The Encyclopedia of Science Fiction has noted that in many of Blackburn's novels 'a powerful ambience of Horror derives from a calculated use of material from several genres, including science fiction, often simultaneously; he was a sophisticated, commercial exploiter of Equipoise in fantastic fiction'.[7] His use of science fiction is generally borderline, though not in Children of the Night, which features – in classic sci-fi fashion – an underground lost race, this time with telepathic powers.

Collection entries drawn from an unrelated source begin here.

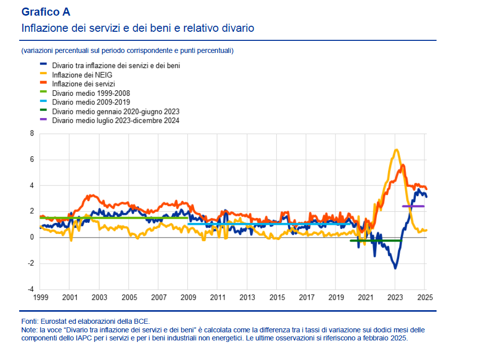 Staremo a vedere cosa porterà il futuro. Nel frattempo però è opportuno soffermarsi a d analizzare quello che ci comunica il presente, che porta con sé alcune singolarità, una delle quali viene illustrata nell’ultimo bollettino della Bce: la notevole crescita del divario fra inflazione dei servizi e quella dei beni.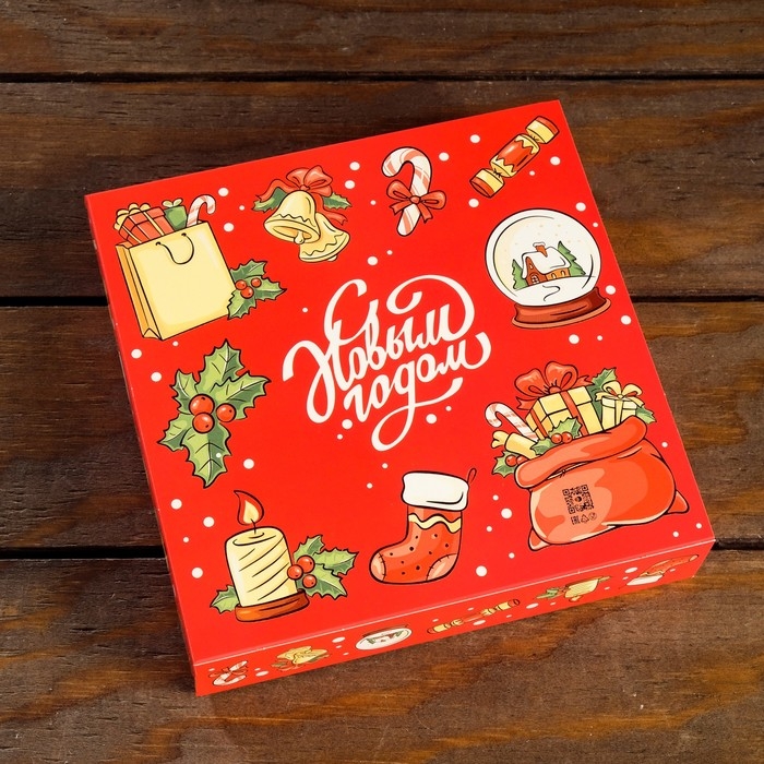 Новый год. Коробка под 9 конфет "Новогодний фонарик", 13,7 х 13,7 х 3,5 см, кондитерская упаковка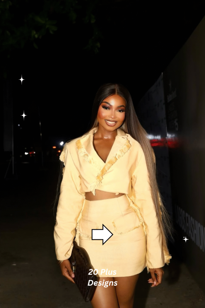 This look redefines sophistication for the concert scene. The matching blazer and skirt create a polished silhouette, while the frayed edges keep it fresh and unexpected. It’s the perfect outfit for women who love structure with a touch of personality. Gold accessories and nude heels elevate it effortlessly from day to night.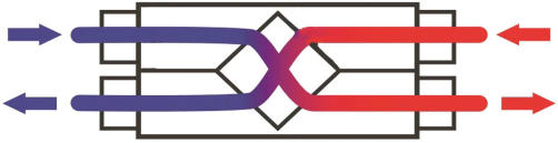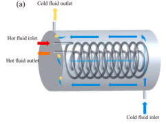 This device uses thermal conduction and convection to transfer heat between two separate fluids — usually
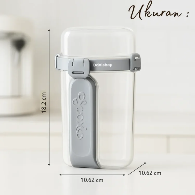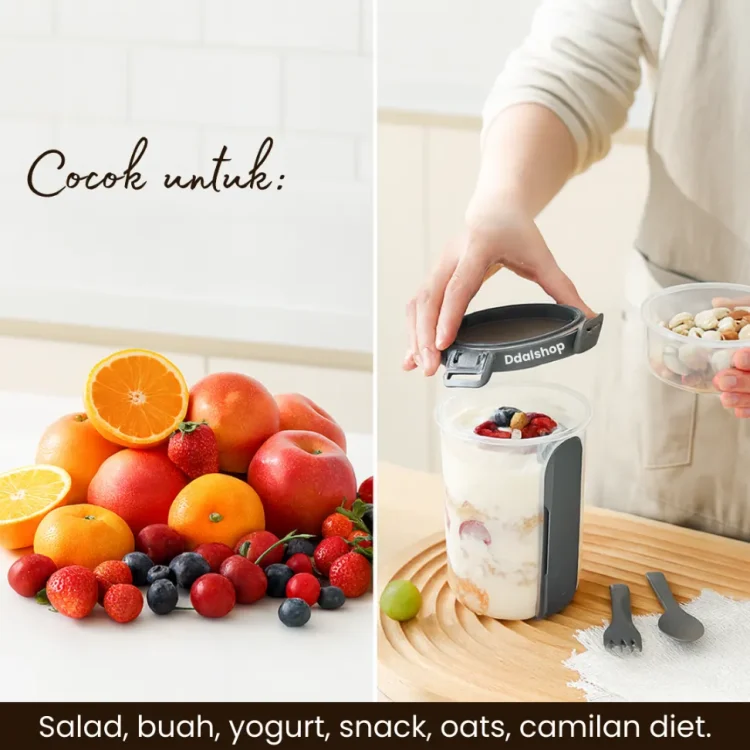 Desainnya ringan, anti tumpah, dan mudah dibawa, sangat cocok digunakan sebagai wadah meal prep diet, bekal kantor, sekolah, gym, piknik, maupun traveling. Kapasitasnya cukup besar dan multifungsi untuk salad diet, buah potong, yogurt granola, overnight oats, snack sehat, hingga bekal anak.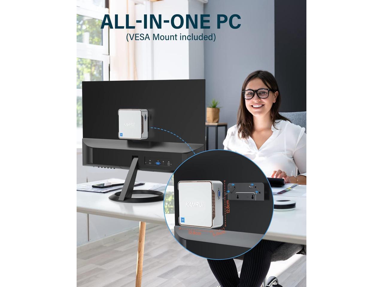 - 4.PORTABLE AND COMPACT MINI COMPUTER---Compared to traditional desktop pc, mini computer(with VESA bracket) with high performance integrated chip and compact size is perfect for placing in small spaces or even carrying out in a backpack at any time(5x 5x 2 inches)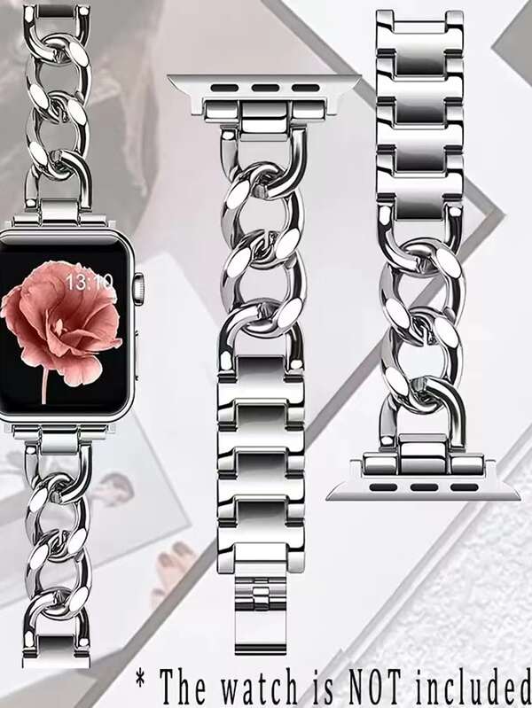Silver Stainless Steel Cowboy Chain Replacement Watch Band Compatible With Apple Watch Series 8/7/6/5/4/3/2/1/Se Sport Band, 41mm/38mm/40mm/42mm/44mm/45mm, For Men Women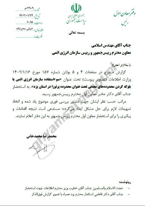 این نامه افشا میکند گزارش «سوءاستفاده سازمان انرژی اتمی با بلوکه کردن محدودههای معدنی، تحت عنوان محدوده پرتوزا در استان یزد» به اطلاع مخبر رسیده و دستور «بررسی فوری» موضوع یاد شده و اتخاذ تمهیدات لازم به منظور «حل مشکل» ایفاد شده است.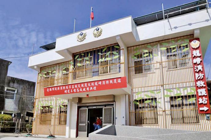 市府消防局說明,本次增建工程除優化內部機能外,外觀設計也融入在地特色,結合現代化機關識別與龍崎自然風貌。建築外圍及入口設置燈箱式LOGO與鮮明烤漆,提升夜間辨識度,確保民眾在緊急時能迅速辨識求助位置;同時保留並重新整理以「竹子」為主題的裝飾格柵,延續在地自然美學,使廳舍呈現簡潔明亮的現代警消建築風貌。

A persistent theme in Blackburn's writing was the controversial topic of race relations. This is perhaps most prevalent in his 1970 novel Blow The House Down, which featured a racist organisation called 'God's True Sailormen' fighting against what they saw as the dangers of miscegenation, and contains, as publisher Valancourt Books notes, 'passages in which both white and black characters use epithets that would likely not be considered acceptable in a book published today'.[8] Adrian Schober has argued Blackburn was likely interested in racial intolerance because of his own family history in colonial Mauritius, which had seen intermarriage between whites and native women over previous generations.[9]
Blackburn's novels Nothing But the Night and The Gaunt Woman were the basis for screenplays. The Gaunt Woman appeared as a made-for-TV movie in 1969 as Destiny of a Spy and Nothing But the Night was released to theaters in 1972.[10] A Scent of New-Mown Hay was also adapted as radio serial for BBC Radio 2 in 1969.[11]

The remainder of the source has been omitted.